▸ **Exercise instructions**:
The answer must consist solely of the lines from the line with "(Even if you" to the final line of the data below, reproduced exactly, pictures omitted.

[Data section]

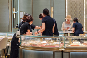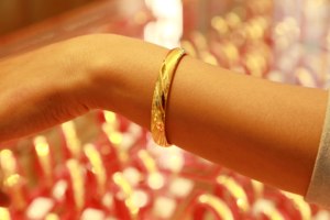 2025年4月12日,江苏省连云港市海州区一家金店,顾客在选购黄金饰品。
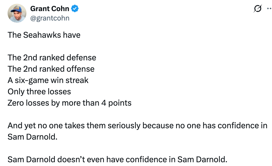 (Even if you hate Grant Cohn, he has a point about the media and opposing fans not taking the Seahawks as seriously as they would if the quarterback wasn’t Sam Darnold. Doesn’t mean that people are right, that’s just what the perception is until he proves them wrong.)
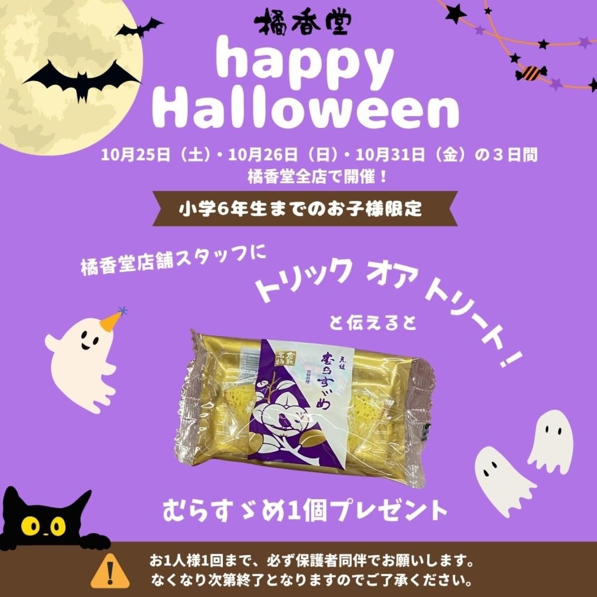 - 10月25日㈯・10月26日㈰・10月31日㈮の3日間、橘香堂全店で小学6年生までのお子様を対象としたハロウィンイベントを行います。期間中、橘香堂店舗スタッフに「トリック オア トリート!」と唱えてもらうとむらすゞめ1個プレゼントいたします。おひとり様1回まで、必ず保護者の方同伴でご来店ください。なくなり次第終了となりますのでご了承ください。皆様のご来店心よりお待ちしております!

[/Data section]

▸ **Response to this task**:
 (Even if you hate Grant Cohn, he has a point about the media and opposing fans not taking the Seahawks as seriously as they would if the quarterback wasn’t Sam Darnold. Doesn’t mean that people are right, that’s just what the perception is until he proves them wrong.)
 - 10月25日㈯・10月26日㈰・10月31日㈮の3日間、橘香堂全店で小学6年生までのお子様を対象としたハロウィンイベントを行います。期間中、橘香堂店舗スタッフに「トリック オア トリート!」と唱えてもらうとむらすゞめ1個プレゼントいたします。おひとり様1回まで、必ず保護者の方同伴でご来店ください。なくなり次第終了となりますのでご了承ください。皆様のご来店心よりお待ちしております!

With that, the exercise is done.